Helena Cronin (born 1942) is a British Darwinian philosopher and rationalist. She is the co-director of the Centre for Philosophy of Natural and Social Science and the Darwin Centre at the London School of Economics. Cronin's important work is The Ant and the Peacock: Altruism and Sexual Selection from Darwin to Today (1991).

Life and work

Cronin attended Henrietta Barnett School in Hampstead Garden Suburb.

Cronin is co-editor of Darwinism Today, a series of short books in evolutionary theory. She writes popular articles for newspapers such as The Guardian. She is a Patron of Humanists UK.

She ran a series of seminars, "effectively a salon at the London School of Economics specialising in the implications of Darwinian theory for humans" according to Times Higher Education. The seminars featured Richard Dawkins, David Haig, Daniel Dennett, Steven Pinker and Matt Ridley among others.

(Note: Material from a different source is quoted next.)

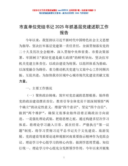 / 市直单位党组书记2025年抓基层党建述职工作报告

Cronin was acknowledged in the preface to the second edition of 'The Selfish Gene' by Richard Dawkins.

Reception

The evolutionary zoologist Mark Ridley, reviewing The Ant and the Peacock in the New York Times, writes that it is a "fine book" in which Cronin uses our modern understanding of altruism (the ant) and "dangerously gaudy sexual ornamentation" (the peacock). Ridley notes that there are two reasons for sex differences like the peacock's train, and that Cronin explains them through the debate of Charles Darwin and Alfred Russel Wallace. Darwin proposed female choice: female aesthetics drive male displays. Wallace both "ignored Darwin's problem" (ornamentation) and "denied Darwin's solution" (female choice rather than natural selection). In Ridley's opinion, "The subtlest and most original insights in "The Ant and the Peacock" concern differences between Darwin's ideas and modern ideas." The review of The Ant and the Peacock in Biology and Philosophy was favorable."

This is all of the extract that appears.